→ **How to complete this task**:
Retype the records below exactly as they stand, but with no images.

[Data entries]

++++++++++

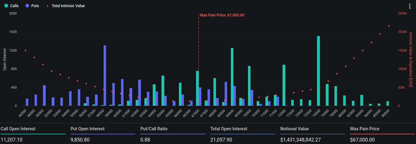 Además de las opciones de Ethereum, también expirarán 21,057 contratos de Bitcoin. Estos tienen un valor nominal de más de 1,43 mil millones de dólares, una relación put/call de 0.88 y un punto máximo de dolor de 67,000 dólares.
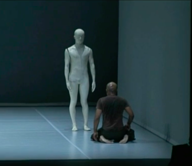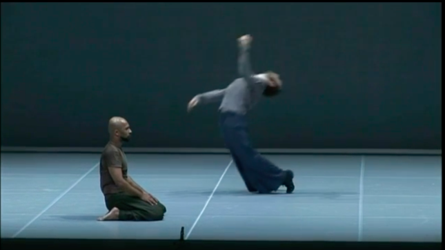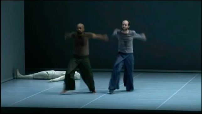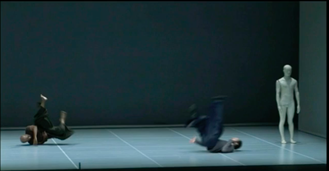 The aural setting is a sliding pitch by the strings from high to low and the music dance relationship is music visualisation. The dancers rock up with a feeling of suspension befoe falling to the floor in quite a natural way with a look of disorientation. As they fall they rock on to their shoulders.
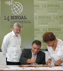 CUBA DEFENDERÁ PRINCIPIOS DEL NOAL Pérez Roque expresó que nuestro país aprecia haber sido escogido como sede del encuentro, lo cual, subrayó, confirma el prestigio y reconocimiento internacionales de la Revolución cubana. La presidencia de Cuba, durante los tres próximos años, se caracterizará por la promoción activa de los principios que dieron vida al No Alineamiento, hoy más vigentes y necesarios que nunca, apuntó. La defensa del derecho internacional, de los pueblos a su soberanía, autodeterminación e independencia, de un comercio justo y de la paz, enfatizó, estará priorizada en el desempeño del Movimiento, que debe tener un papel más protagónico en los organismos internacionales. Al responder a la prensa, el Canciller dijo que la cita de La Habana no está dirigida contra ningún país en particular, aunque aquí se alzará la voz del Tercer Mundo contra las guerras preventivas y las amenazas a cualquier rincón oscuro del planeta. ALTA REPRESENTATIVIDAD Alrededor de medio centenar de jefes de Estado o Gobierno participarán en la Cumbre del NOAL, para la cual confirmaron su asistencia, hasta ayer, 115 de los 116 países miembros, indicó. También lo harán una decena de vicepresidentes, viceprimeros ministros y varias decenas de ministros de Relaciones Exteriores. Once países, del total de 15 aceptados como observadores, así como 34 delegaciones invitadas (incluidas naciones de la Unión Europea y de otros países desarrollados) se unen también a la reunión. Los secretarios generales de Naciones Unidas y la Liga Árabe, el presidente de la Unión Africana, el del Grupo de los 77, que representa a 130 países del Tercer Mundo, serán recibidos también en esta capital. Finalmente expresó, en nombre del Gobierno cubano, un reconocimiento al trabajo de Malasia como actual Presidente del Movimiento por dejar tres años de fecundo trabajo en el cual las naciones no alineadas avanzaron en su activismo. |
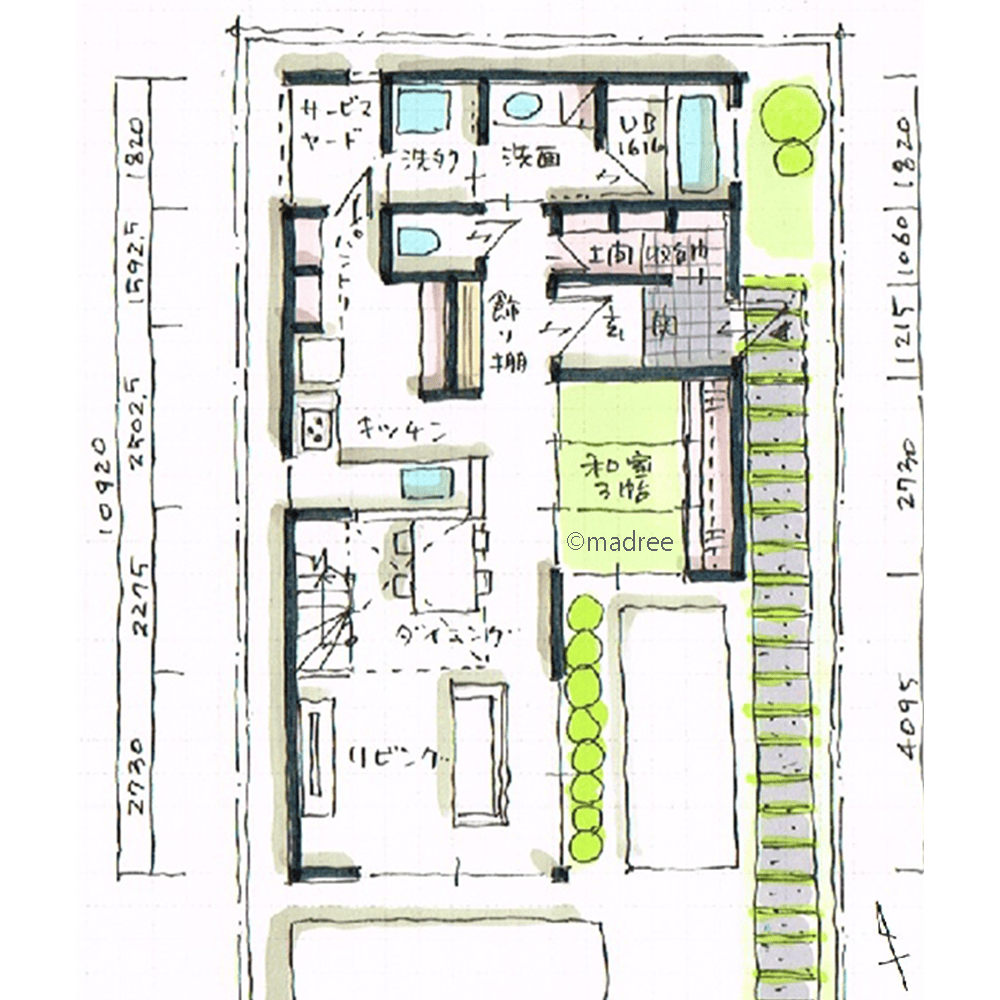 全国の建築家から間取りが集まるmadree(マドリー)で集まった27坪〜30坪、5LDKの間取りです。外とつながるLDKやダイニング吹抜が特徴の注文住宅の間取りです。
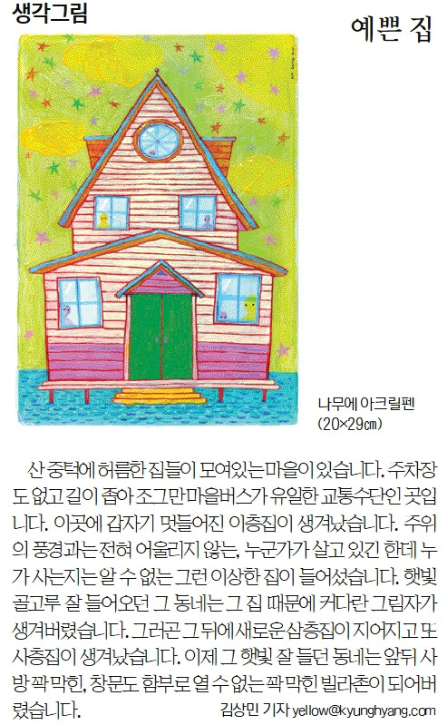 산 중턱에 허름한 집들이 모여있는 마을이 있습니다. 주차장도 없고 길이 좁아 조그만 마을버스만이 유일한 교통수단인 곳입니다. 이곳에 갑자기 멋들어진 이층 집이 생겨났습니다. 주위의 풍경과는 전혀 어울리지 않는, 누군가는 살고 있긴 한데 누가 살고 있는지는 알 수 없는 그런 이상한 집이 들어섰습니다. 햇볕 골고루 잘 들어오던 그 동네는 그 집 때문에 커다란 그림자가 생겨 버렸습니다. 그리곤 그 뒤에 새로운 삼층집이 생기고 또 사층 집이 생겨 났습니다. 이제 그 햇볕 잘 들던 동네는 앞뒤 사방 꽉 막힌 창문도 함부로 열 수 없는 꽉 막힌 빌라촌이 되어 버렸습니다.

++++++++++

→ **Solution below**:
 Además de las opciones de Ethereum, también expirarán 21,057 contratos de Bitcoin. Estos tienen un valor nominal de más de 1,43 mil millones de dólares, una relación put/call de 0.88 y un punto máximo de dolor de 67,000 dólares.
 The aural setting is a sliding pitch by the strings from high to low and the music dance relationship is music visualisation. The dancers rock up with a feeling of suspension befoe falling to the floor in quite a natural way with a look of disorientation. As they fall they rock on to their shoulders.
 CUBA DEFENDERÁ PRINCIPIOS DEL NOAL Pérez Roque expresó que nuestro país aprecia haber sido escogido como sede del encuentro, lo cual, subrayó, confirma el prestigio y reconocimiento internacionales de la Revolución cubana. La presidencia de Cuba, durante los tres próximos años, se caracterizará por la promoción activa de los principios que dieron vida al No Alineamiento, hoy más vigentes y necesarios que nunca, apuntó. La defensa del derecho internacional, de los pueblos a su soberanía, autodeterminación e independencia, de un comercio justo y de la paz, enfatizó, estará priorizada en el desempeño del Movimiento, que debe tener un papel más protagónico en los organismos internacionales. Al responder a la prensa, el Canciller dijo que la cita de La Habana no está dirigida contra ningún país en particular, aunque aquí se alzará la voz del Tercer Mundo contra las guerras preventivas y las amenazas a cualquier rincón oscuro del planeta. ALTA REPRESENTATIVIDAD Alrededor de medio centenar de jefes de Estado o Gobierno participarán en la Cumbre del NOAL, para la cual confirmaron su asistencia, hasta ayer, 115 de los 116 países miembros, indicó. También lo harán una decena de vicepresidentes, viceprimeros ministros y varias decenas de ministros de Relaciones Exteriores. Once países, del total de 15 aceptados como observadores, así como 34 delegaciones invitadas (incluidas naciones de la Unión Europea y de otros países desarrollados) se unen también a la reunión. Los secretarios generales de Naciones Unidas y la Liga Árabe, el presidente de la Unión Africana, el del Grupo de los 77, que representa a 130 países del Tercer Mundo, serán recibidos también en esta capital. Finalmente expresó, en nombre del Gobierno cubano, un reconocimiento al trabajo de Malasia como actual Presidente del Movimiento por dejar tres años de fecundo trabajo en el cual las naciones no alineadas avanzaron en su activismo. |
 全国の建築家から間取りが集まるmadree(マドリー)で集まった27坪〜30坪、5LDKの間取りです。外とつながるLDKやダイニング吹抜が特徴の注文住宅の間取りです。
 산 중턱에 허름한 집들이 모여있는 마을이 있습니다. 주차장도 없고 길이 좁아 조그만 마을버스만이 유일한 교통수단인 곳입니다. 이곳에 갑자기 멋들어진 이층 집이 생겨났습니다. 주위의 풍경과는 전혀 어울리지 않는, 누군가는 살고 있긴 한데 누가 살고 있는지는 알 수 없는 그런 이상한 집이 들어섰습니다. 햇볕 골고루 잘 들어오던 그 동네는 그 집 때문에 커다란 그림자가 생겨 버렸습니다. 그리곤 그 뒤에 새로운 삼층집이 생기고 또 사층 집이 생겨 났습니다. 이제 그 햇볕 잘 들던 동네는 앞뒤 사방 꽉 막힌 창문도 함부로 열 수 없는 꽉 막힌 빌라촌이 되어 버렸습니다.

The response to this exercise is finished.